This is a book of melancholia and hope – Mauch exposes the beauty, the imperilment, at times the wreckage, of the American environment. And he shows us that, more powerfully than abstract ideas, governmental edicts or technological forces, stories reveal the infinite discoveries to be made in humans’ relationship to nature – in beautiful landscapes where danger lurks as well as in visions and behaviours that change the world and ecosystems. Above all, stories demonstrate that where we come from and where we are going are intimately connected and therefore nothing has to remain as it is. The stories told in Paradise Blues demonstrate that vulnerabilities and pressures are almost always political constructions and, for that reason, it must be possible to deconstruct them. 

Academic monographs are seldom translated into other languages, so the appearance of an English edition of Mauch’s original 2022 German text is a welcome surprise. Mauch (Ludwig Maximilian Univ. of Munich, Germany), long a pillar in the broader global field of environmental humanities, offers a unique outside perspective on American history and culture through the lens of environmental history.

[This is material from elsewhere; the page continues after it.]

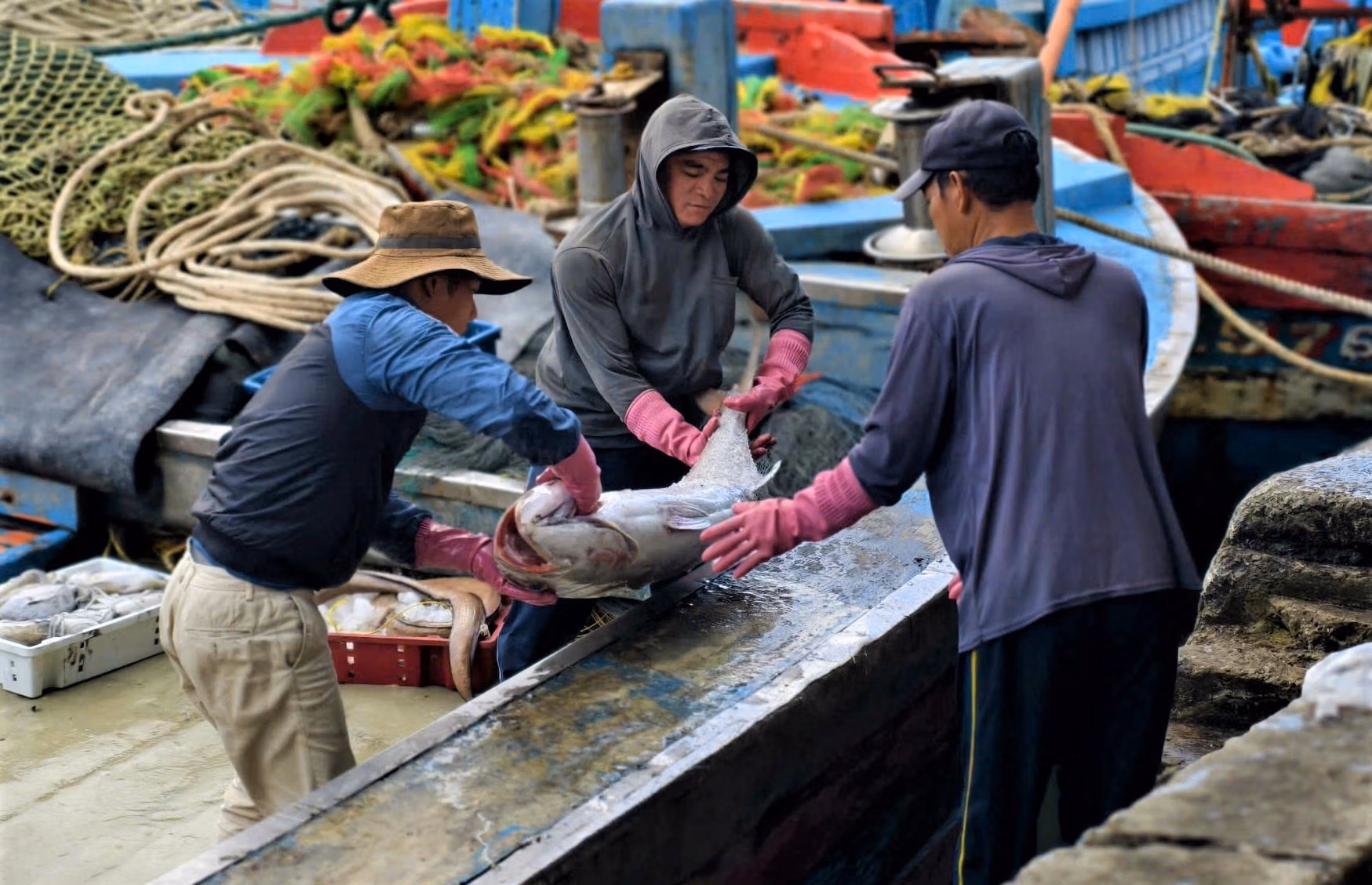 Cùng thời điểm, tàu của ngư dân Nguyễn Thưởng vừa trở về từ Hoàng Sa với hơn 30 tấn cá ngừ, ước thu trên 650 triệu đồng; mỗi thuyền viên được chia trên dưới 12 triệu đồng.

He considers how the US and its environments have transformed one another and gives space to a wide range of diverse voices and perspectives…. The text is highly readable and engaging as Mauch interweaves traditional historical research with personal anecdotes from his travels and lyrical reflections on America’s natural environments.

B. W. Rensink

“Mauch has always been great intellectual company, but in Paradise Blues he excels himself.  This dazzling portrait of America reveals a nation that is neither monolithic nor polarized.  Instead, we see the intricate interplay between many peoples and their particular landscapes from an agricultural Eden above the Arctic circle to Disneyworld, from Memphis’s radicalized development patterns to Portland’s ecofreaks. Seldom is such deep scholarship combined with such compassionate storytelling. Paradise Blues lets us ride in the passenger seat, while Christof Mauch shows us the stunning beautiful, complex, troubled country beyond American stereotypes.”

Julia Adeney Thomas

“The rise of the United States from semi-wilderness to superpower is the foundational story of modernity. Usually, its history is told as a grand narrative of progress or failure—always monumental in scope, simple in conclusions. Paradise Blues, in contrast, eschews the big picture and provides a more complex narrative, focused on a series of American communities. He approaches their histories as a happy traveller looking for people to talk to, novels and reports to read, and with an eye for telling detail. The result is wonderfully engaging and revealing. In Mauch’s vision Americans may be guilty of ruining many places, but often the ruin is mixed with encouraging triumphs. Highly recommended as a new kind history for a world seeking hope.”

Donald Worster

THE AUTHOR

Christof Mauch studied at Tübingen University and King’s College London and majored in German literature, theology, philosophy and history. He received his Dr.phil. in German literature from Tübingen and his Dr. phil. habil. in Modern History from the University of Cologne. From 1999 to 2007, Mauch headed the German Historical Institute in Washington, D.C. He has been Chair of American Cultural History at LMU Munich since 2007; and Director of the Rachel Carson Center for Environment and Society at LMU since 2009. Mauch was the first Chairperson (now: President) of the Board of Directors of the International Consortium for Environmental History Organizations, ICEHO (2009–2011) and he served as Vice President and President of the European Society for Environmental History (2009–2013). In 2013 he was named Honorary Professor and Senior Fellow at the Center for Ecological History of Renmin University in China. Mauch has been a visiting professor at universities in Australia, Austria, Canada, India and Poland. In 2020 he was the Carl Schurz Memorial Professor at the University of Wisconsin in Madison (USA). He has received numerous international awards for his scholarly contributions and engagement, including the Distinguished Career in Public Environmental History Award from the American Society for Environmental History, the Teaching Innovation Award from the LMU Munich, and the Planetary Award from the Institute for Future Competences.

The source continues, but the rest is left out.